## [DATA SECTION]
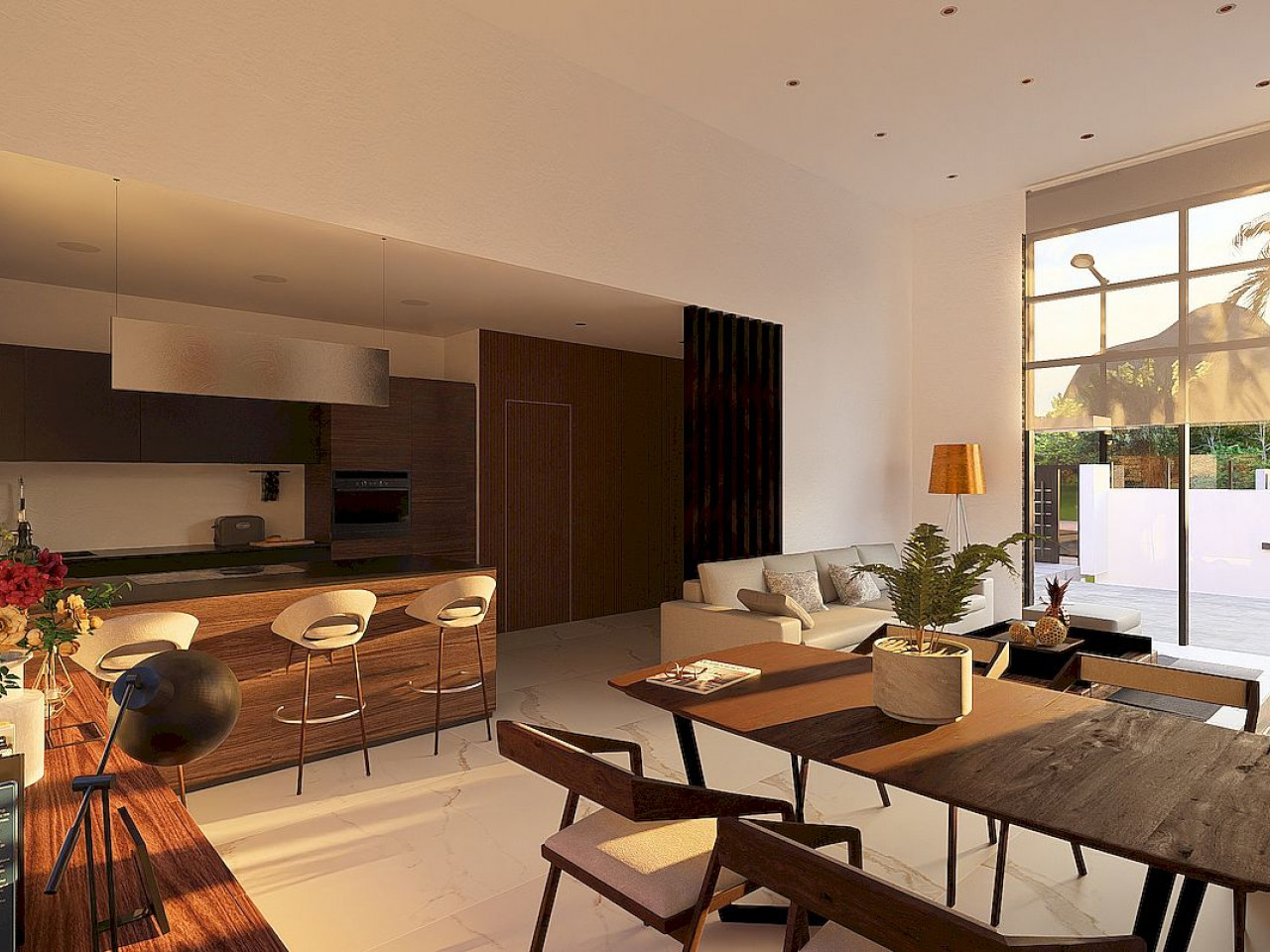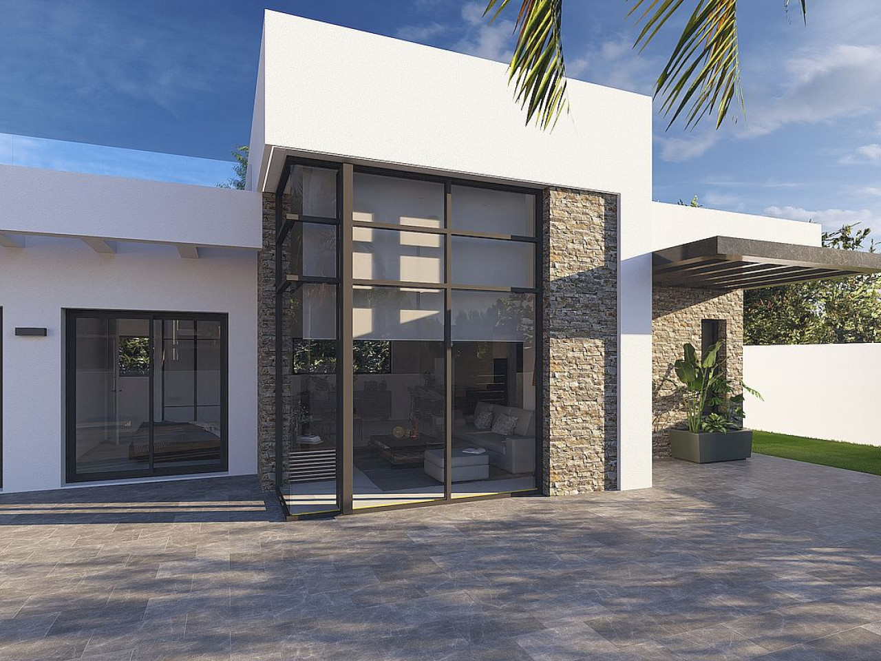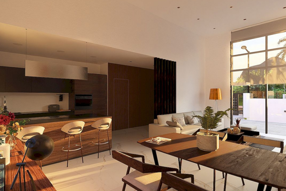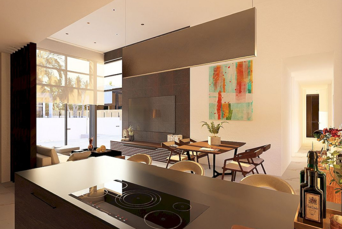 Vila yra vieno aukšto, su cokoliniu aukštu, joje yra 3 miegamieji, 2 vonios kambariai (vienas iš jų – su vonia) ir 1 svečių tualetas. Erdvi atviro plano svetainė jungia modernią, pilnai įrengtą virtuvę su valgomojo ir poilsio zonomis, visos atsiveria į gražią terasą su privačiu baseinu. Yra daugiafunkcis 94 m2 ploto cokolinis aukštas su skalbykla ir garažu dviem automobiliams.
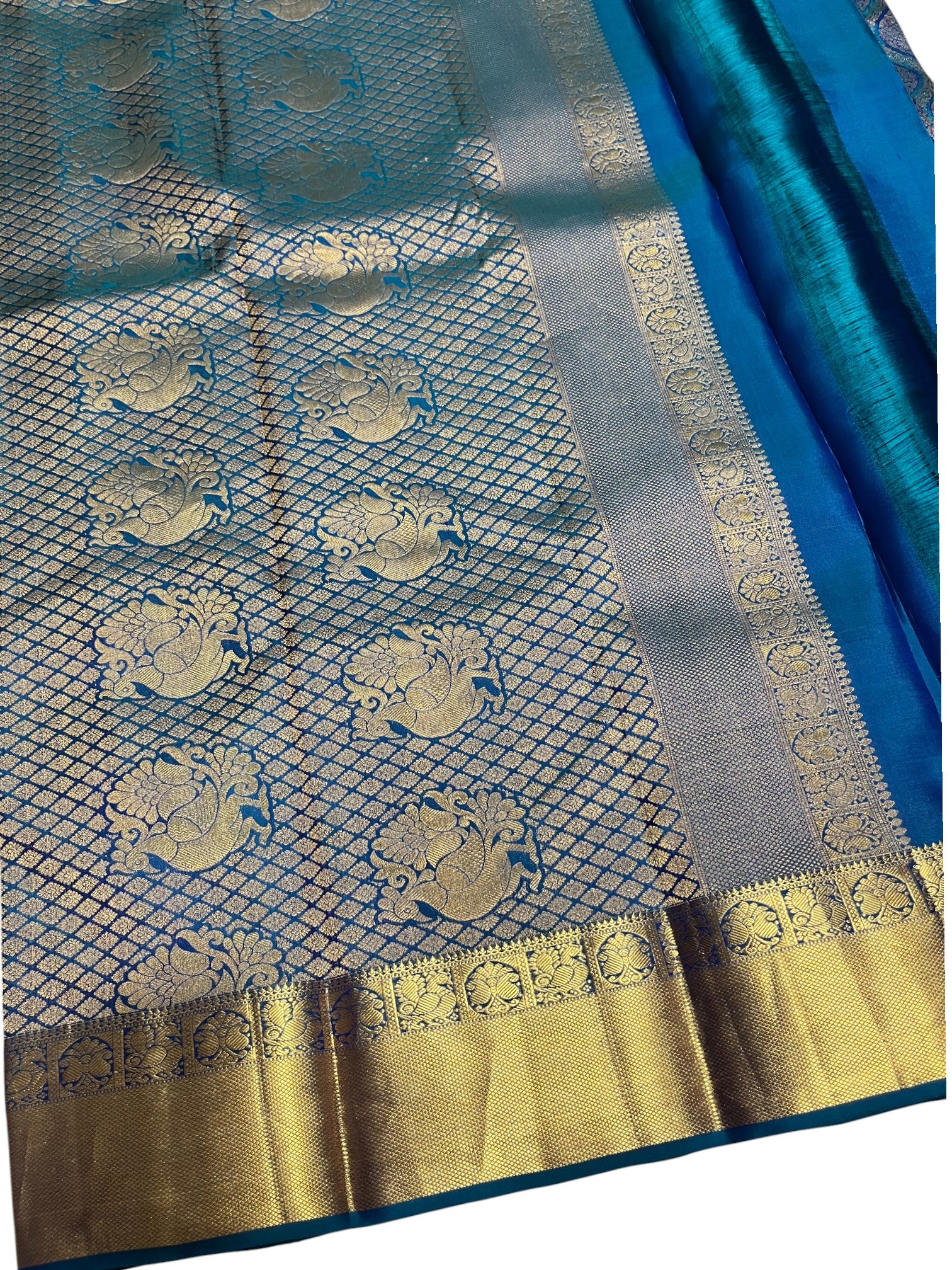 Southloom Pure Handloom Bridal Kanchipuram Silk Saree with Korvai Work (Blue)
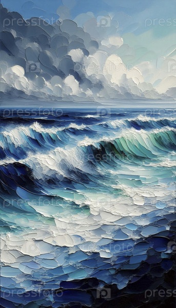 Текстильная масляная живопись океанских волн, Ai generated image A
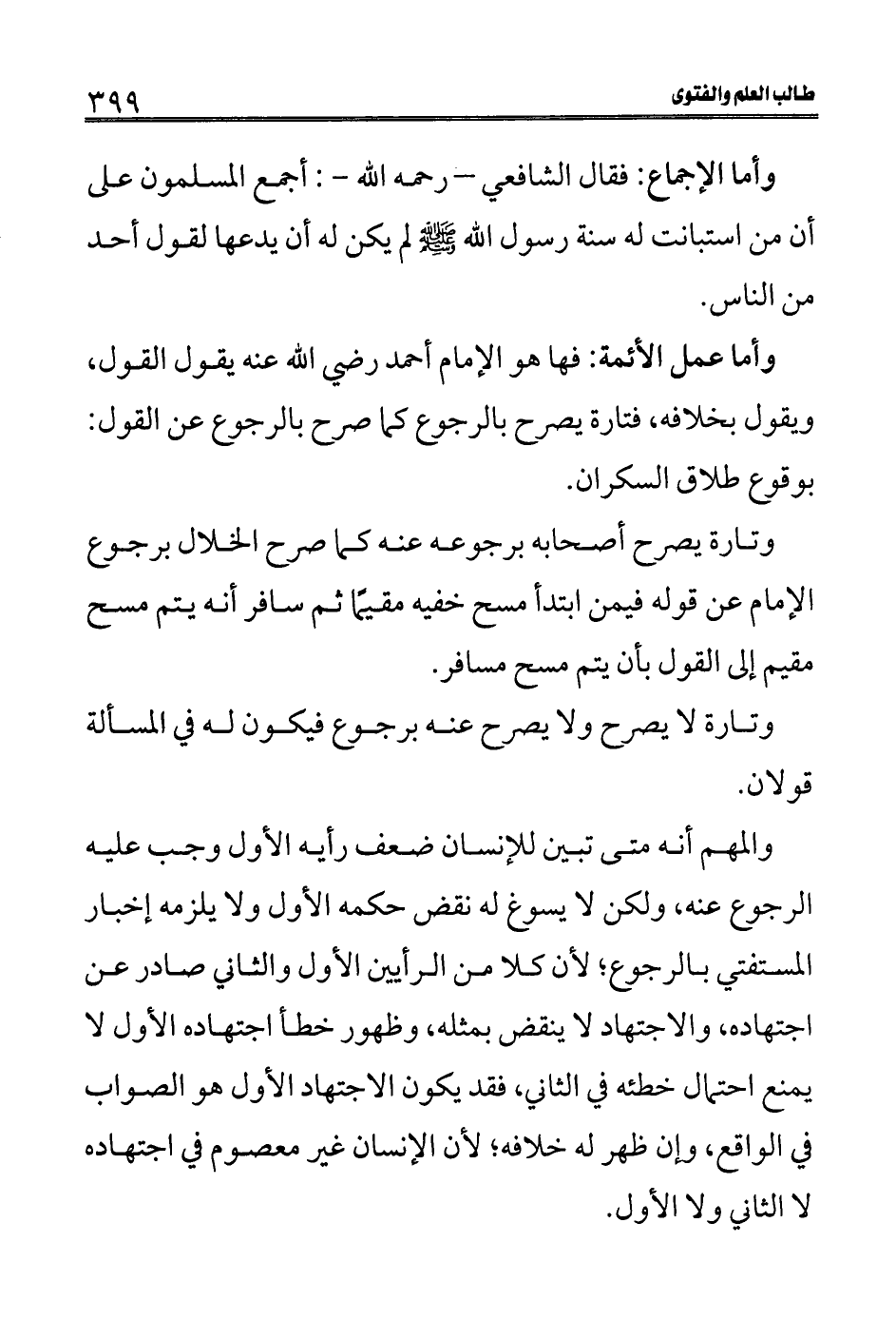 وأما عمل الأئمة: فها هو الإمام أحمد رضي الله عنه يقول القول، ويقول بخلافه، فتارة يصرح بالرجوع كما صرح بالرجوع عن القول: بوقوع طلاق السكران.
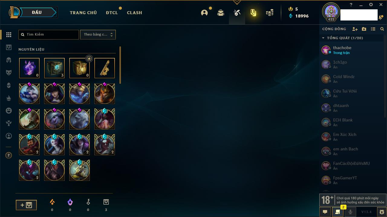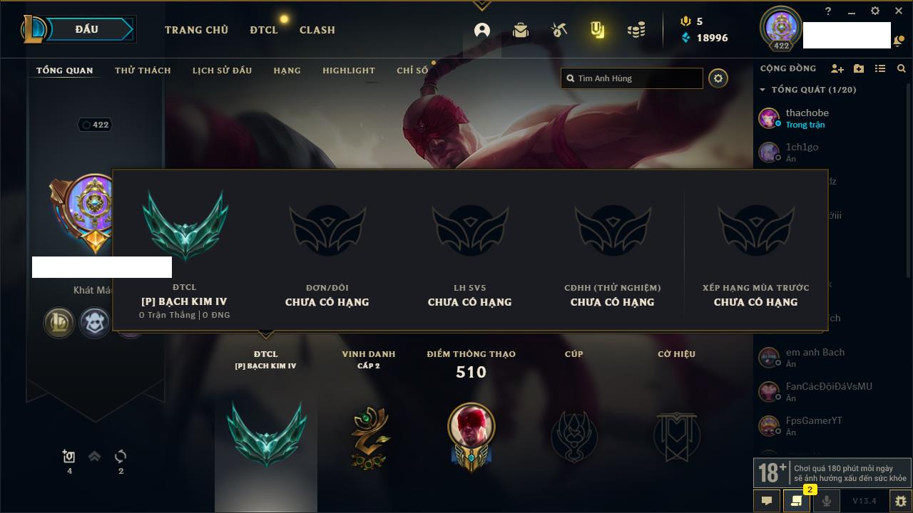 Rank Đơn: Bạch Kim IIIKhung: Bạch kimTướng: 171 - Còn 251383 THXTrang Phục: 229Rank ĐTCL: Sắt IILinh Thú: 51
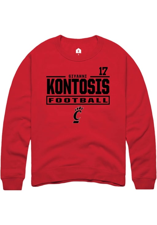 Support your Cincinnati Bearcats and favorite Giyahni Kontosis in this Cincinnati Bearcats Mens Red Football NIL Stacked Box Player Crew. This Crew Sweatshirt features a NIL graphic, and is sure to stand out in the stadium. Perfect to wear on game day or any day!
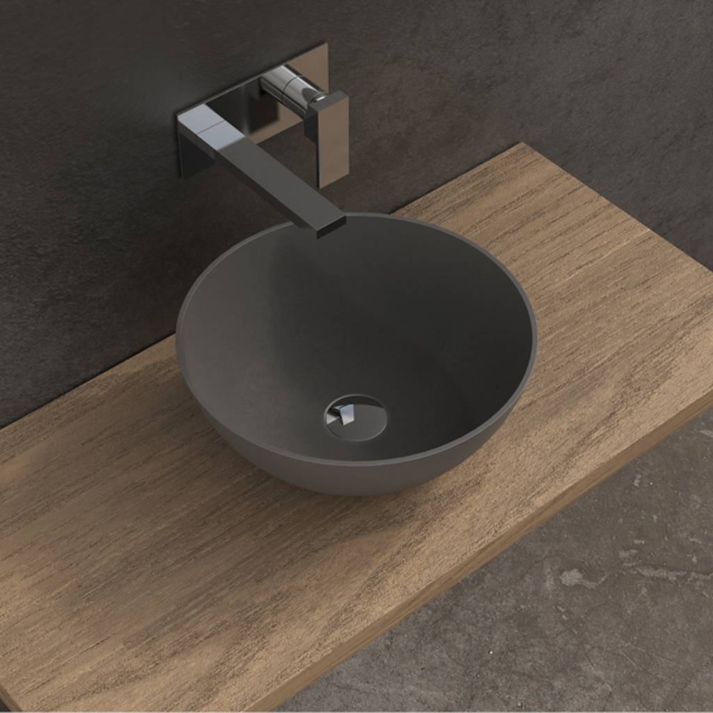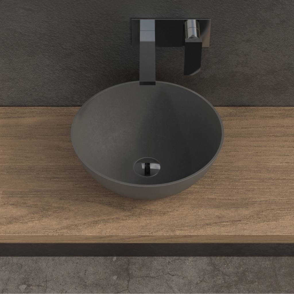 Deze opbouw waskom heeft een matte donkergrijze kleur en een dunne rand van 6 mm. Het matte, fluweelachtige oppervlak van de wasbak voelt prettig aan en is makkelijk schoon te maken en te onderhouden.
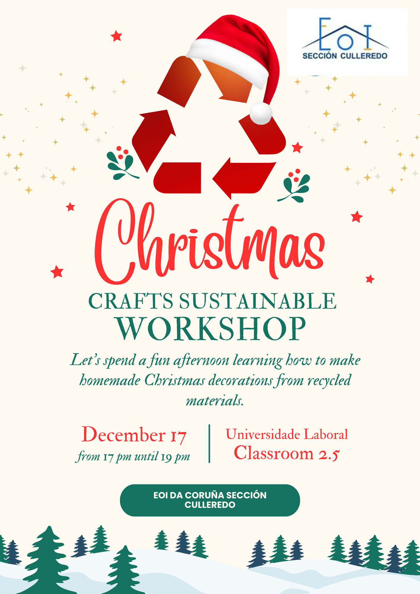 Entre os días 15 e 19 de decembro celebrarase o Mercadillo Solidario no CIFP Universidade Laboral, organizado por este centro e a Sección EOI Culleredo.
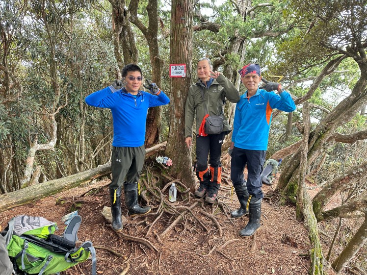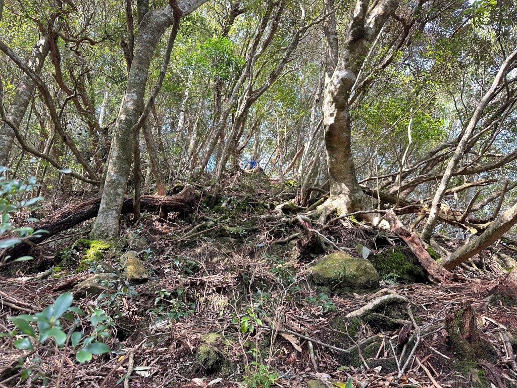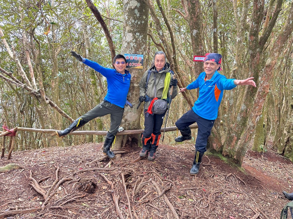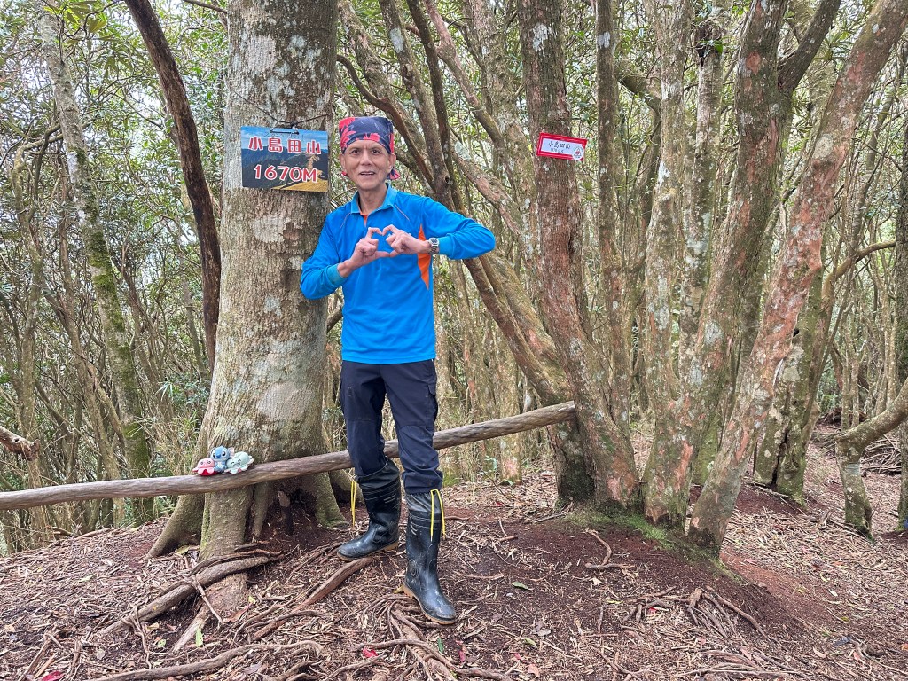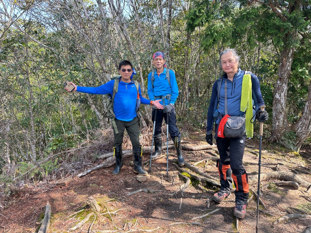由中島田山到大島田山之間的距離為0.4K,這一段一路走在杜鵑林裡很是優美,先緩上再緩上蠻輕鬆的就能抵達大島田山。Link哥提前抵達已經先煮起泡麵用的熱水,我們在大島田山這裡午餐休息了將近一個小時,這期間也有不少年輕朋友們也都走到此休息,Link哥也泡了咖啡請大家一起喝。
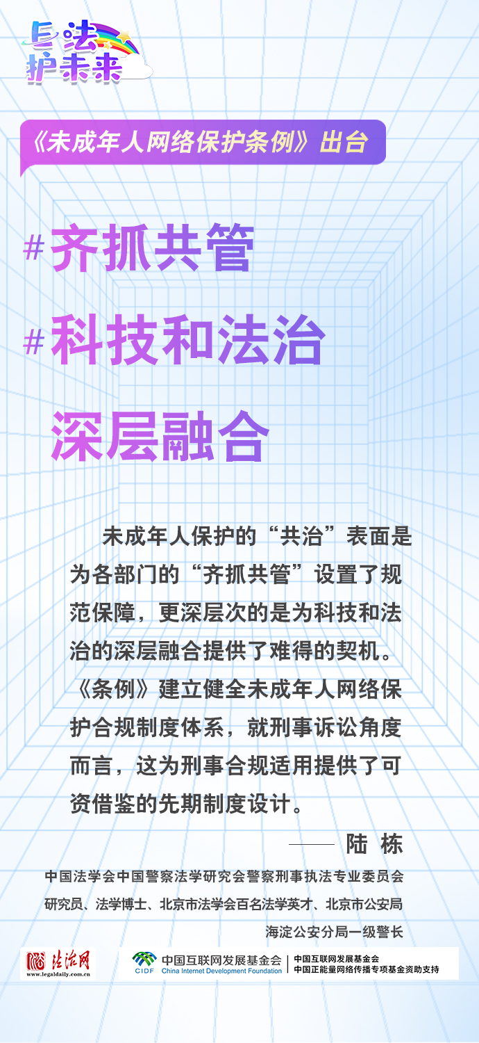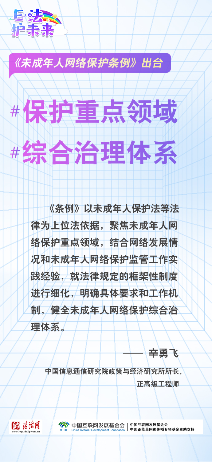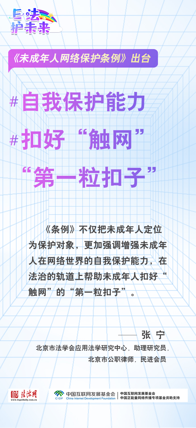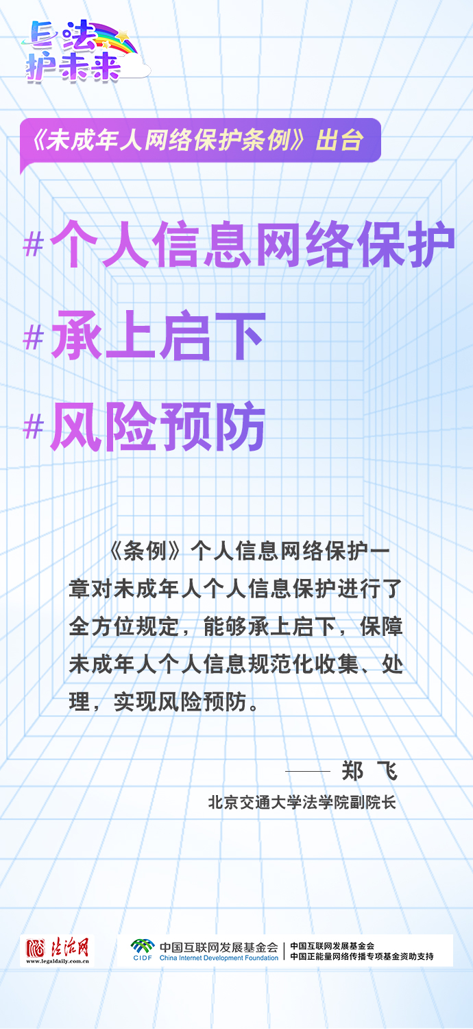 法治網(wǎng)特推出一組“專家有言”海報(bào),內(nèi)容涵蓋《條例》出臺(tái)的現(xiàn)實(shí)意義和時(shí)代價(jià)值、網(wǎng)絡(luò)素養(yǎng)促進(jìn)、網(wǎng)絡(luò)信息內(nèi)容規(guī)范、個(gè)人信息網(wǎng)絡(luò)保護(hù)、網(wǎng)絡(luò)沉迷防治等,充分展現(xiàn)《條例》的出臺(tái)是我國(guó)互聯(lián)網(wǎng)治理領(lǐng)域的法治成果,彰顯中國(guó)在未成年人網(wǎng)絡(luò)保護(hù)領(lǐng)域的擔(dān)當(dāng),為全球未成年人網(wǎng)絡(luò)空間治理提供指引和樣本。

## [WORK INSTRUCTION]
Return the material word for word, images omitted.

## [REPLY TO THE TASK]
 Vila yra vieno aukšto, su cokoliniu aukštu, joje yra 3 miegamieji, 2 vonios kambariai (vienas iš jų – su vonia) ir 1 svečių tualetas. Erdvi atviro plano svetainė jungia modernią, pilnai įrengtą virtuvę su valgomojo ir poilsio zonomis, visos atsiveria į gražią terasą su privačiu baseinu. Yra daugiafunkcis 94 m2 ploto cokolinis aukštas su skalbykla ir garažu dviem automobiliams.
 Southloom Pure Handloom Bridal Kanchipuram Silk Saree with Korvai Work (Blue)
 Текстильная масляная живопись океанских волн, Ai generated image A
 وأما عمل الأئمة: فها هو الإمام أحمد رضي الله عنه يقول القول، ويقول بخلافه، فتارة يصرح بالرجوع كما صرح بالرجوع عن القول: بوقوع طلاق السكران.
 Rank Đơn: Bạch Kim IIIKhung: Bạch kimTướng: 171 - Còn 251383 THXTrang Phục: 229Rank ĐTCL: Sắt IILinh Thú: 51
 Support your Cincinnati Bearcats and favorite Giyahni Kontosis in this Cincinnati Bearcats Mens Red Football NIL Stacked Box Player Crew. This Crew Sweatshirt features a NIL graphic, and is sure to stand out in the stadium. Perfect to wear on game day or any day!
 Deze opbouw waskom heeft een matte donkergrijze kleur en een dunne rand van 6 mm. Het matte, fluweelachtige oppervlak van de wasbak voelt prettig aan en is makkelijk schoon te maken en te onderhouden.
 Entre os días 15 e 19 de decembro celebrarase o Mercadillo Solidario no CIFP Universidade Laboral, organizado por este centro e a Sección EOI Culleredo.
由中島田山到大島田山之間的距離為0.4K,這一段一路走在杜鵑林裡很是優美,先緩上再緩上蠻輕鬆的就能抵達大島田山。Link哥提前抵達已經先煮起泡麵用的熱水,我們在大島田山這裡午餐休息了將近一個小時,這期間也有不少年輕朋友們也都走到此休息,Link哥也泡了咖啡請大家一起喝。
 法治網(wǎng)特推出一組“專家有言”海報(bào),內(nèi)容涵蓋《條例》出臺(tái)的現(xiàn)實(shí)意義和時(shí)代價(jià)值、網(wǎng)絡(luò)素養(yǎng)促進(jìn)、網(wǎng)絡(luò)信息內(nèi)容規(guī)范、個(gè)人信息網(wǎng)絡(luò)保護(hù)、網(wǎng)絡(luò)沉迷防治等,充分展現(xiàn)《條例》的出臺(tái)是我國(guó)互聯(lián)網(wǎng)治理領(lǐng)域的法治成果,彰顯中國(guó)在未成年人網(wǎng)絡(luò)保護(hù)領(lǐng)域的擔(dān)當(dāng),為全球未成年人網(wǎng)絡(luò)空間治理提供指引和樣本。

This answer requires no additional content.